Ideally, panelists said, road pricing could substitute for much of the existing gas tax, which is declining anyway, and possibly even reduce property tax a bit.

"It's going to be a tough sell to say we're going to keep taxing you on your gas and ask you to pay a per-mile charge," said Edward Regan, a transportation and tolling policy authority from Connecticut. "But if it's one instead of the other that's certainly much more viable."

The push by mayors towards road-use charges here springs from both TransLink's troubled quest for sustainable funding and a growing sense among civic leaders that tolling just a couple of bridges is unfair and may inefficiently distort traffic patterns.

Most other jurisdictions are grappling with some of the same challenges as TransLInk, particularly a gas tax that raises less money for transit each year as vehicles get more efficient and more electric cars hit the road.

Panelists said several U.S. jurisdictions – from Washington's Puget Sound to Los Angeles – are contemplating a shift to forms of road pricing, typically by charging a a few cents per mile travelled.

Regan said it's also wise to find ways to provide benefits to drivers, rather than merely a high-tech method to take their money.

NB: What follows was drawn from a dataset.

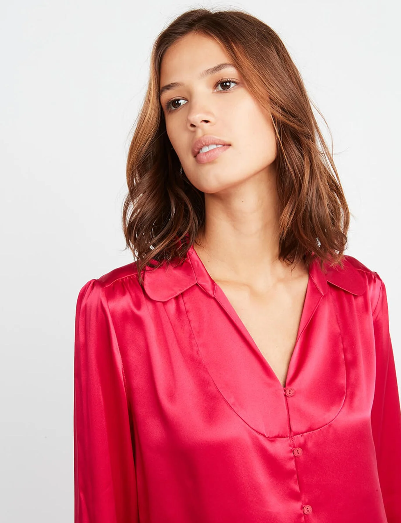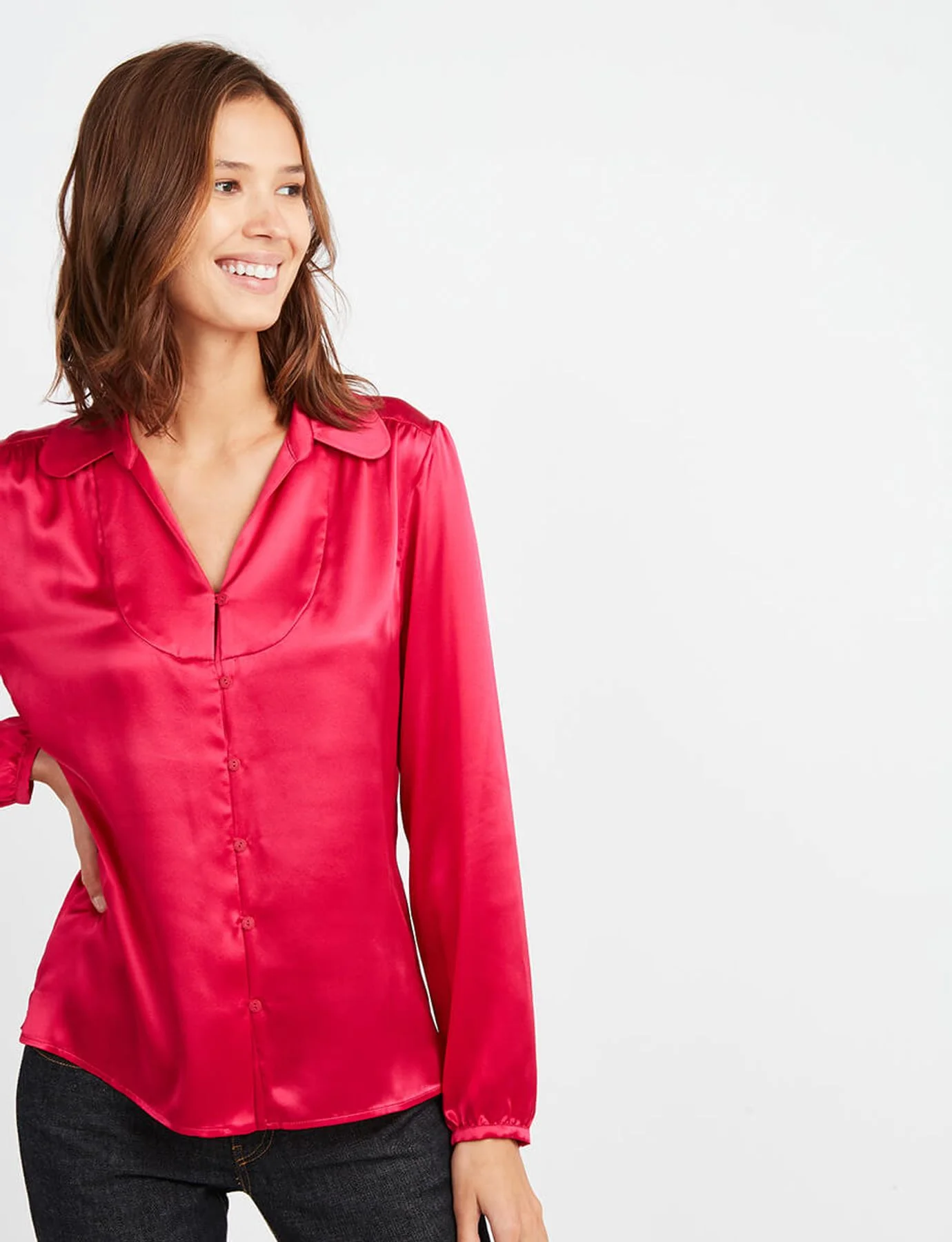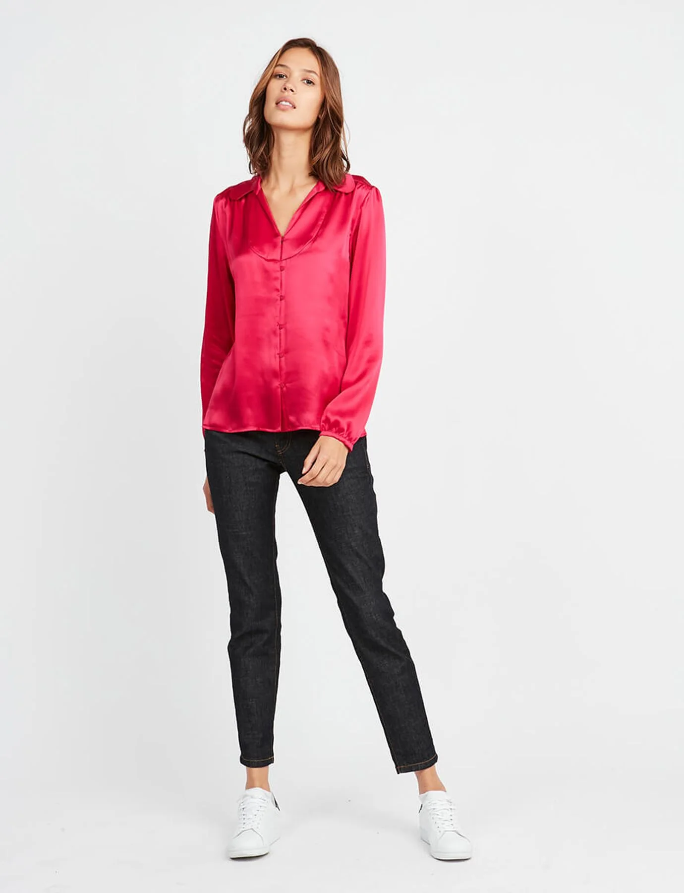Optez pour la couleur cet automne-hiver avec notre blouse Aurora en soie rose. Avec un jean slim ou évasé, sa forme s’adaptera à toutes vos tenues. Cette blouse restera un indémodable de votre garde-robe.

He said GPS-based systems to charge road usage fees can also be used to advise drivers on less-congested alternate routes, or perhaps guide them to a free parking spot and automatically pay for it.

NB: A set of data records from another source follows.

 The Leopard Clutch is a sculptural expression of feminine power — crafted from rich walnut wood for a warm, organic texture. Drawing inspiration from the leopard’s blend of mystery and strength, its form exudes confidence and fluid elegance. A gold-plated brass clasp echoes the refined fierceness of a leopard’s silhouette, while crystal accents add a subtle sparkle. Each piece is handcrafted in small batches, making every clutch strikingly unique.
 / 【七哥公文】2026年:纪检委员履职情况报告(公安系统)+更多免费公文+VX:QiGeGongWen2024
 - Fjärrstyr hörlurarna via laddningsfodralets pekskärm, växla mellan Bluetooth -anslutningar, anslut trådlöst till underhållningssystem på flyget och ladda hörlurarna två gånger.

In Dallas-Fort Worth, he said, tolls on planned new express lanes will vary by route and change according to congestion levels, in an effort to ensure those lanes are free flowing. Drivers will get a toll rebate if traffic fails to flow at a guaranteed minimum speed.

Even with the best ideas in play, panelists warned the policy road to toll systems is littered with failed efforts, including New York City's aborted attempt to introduce a London-style congestion charge.

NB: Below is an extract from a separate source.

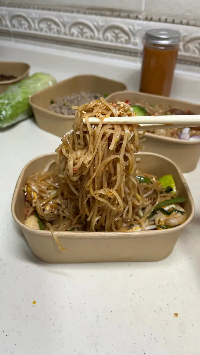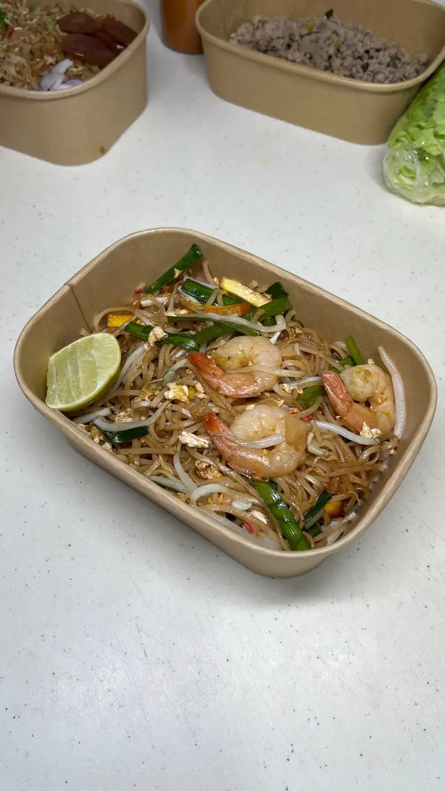 這間位於旺角中心的【Thai Shack】,是一間泰國菜外賣店,有多款泰式飯麵及小食,而且價錢合理及份量十足。炒粉炒飯全部都是即叫即炒,新鮮熱辣且有鑊氣。泰式炒金邊粉大蝦、蛋絲、芽菜、葱等配料,金邊粉爽口,十分開胃。泰式蝦醬肉碎炒飯 陣陣蝦醬鮮味,炒飯粒粒分明又爽口,加上臘腸及肉碎油脂滲入飯內,十分美味。泰式燒豬頸肉豬頸肉配上特製醬汁更添風味,而且肉質爽口。泰式肉碎生菜包生菜色澤翠綠,十分新鮮,配上微辣的肉碎,食到停不到口。泰式奶茶奶茶茶味濃香而且不會太甜,正好清一清味蕾。…查看更多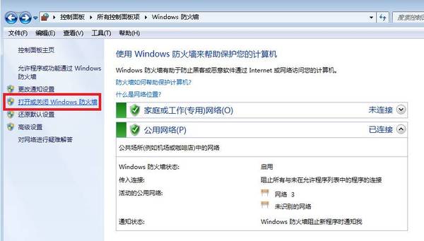 1、打开控制面板-系统与安全-Windows防火墙,点击左侧启动或关闭Windows防火墙

Opialo said a potential move to a road usage charge being studied in Washington State would also charge B.C. drivers who nip across the border to buy gas – if the measure is enacted.

Puget Sound estimates it could rake in $34 billion over 20 years through road usage fees it aims to put on every route in the region, said Mark Hallenback, director of the Washington State Transportation Centre.

"The numbers are enormous," he said. "The problem is that comes from someone. It's not magic money. It comes from a public which is not at all convinced that they should be giving that to you."

Hallenback also suggested significantly cutting back TransLink's 17-cent-a-litre gas tax, which raises about $330 million a year, if road pricing was imposed here, adding fewer drivers would cross the border to fill up.

"All those people no longer going over to Blaine, they're buying it with the Canadian taxes on it. You might not even lose that much money."

Other methods of easing the pain to motorists could include a $5 maximum cap on tolls paid in a day, or a certain number of free kilometres a day before tolls apply, the forum heard.

The real question, Hallenback said, is whether the scheme can generate net new money for transit expansion, how much more local residents can afford to pay and whether they support the vision for an improved system.

Other challenges include assuring drivers a GPS-based system won't precisely track their cars' movements.

Road pricing has benefits other tax methods – like property tax – can't deliver, the forum heard.

It puts a direct price on putting a key in an ignition and driving away, which too many motorists view as essentially free, aside from gas.

"You level the playing field, making transit more competitive with driving," Regan said.

By deterring some car trips, normally gridlocked bridges and other routes can also become free flowing, especially if rates vary by time of day to encourage more people to travel at off-peak hours.

"You're never going to get people to shift away from using their car to the train using property tax," Regan added.

Surrey Mayor Dianne Watts said Metro leaders need to continue to explore road pricing options.

"It reinforces that the road map in front of us currently is not sustainable," she said. 
"We need to be looking at something else."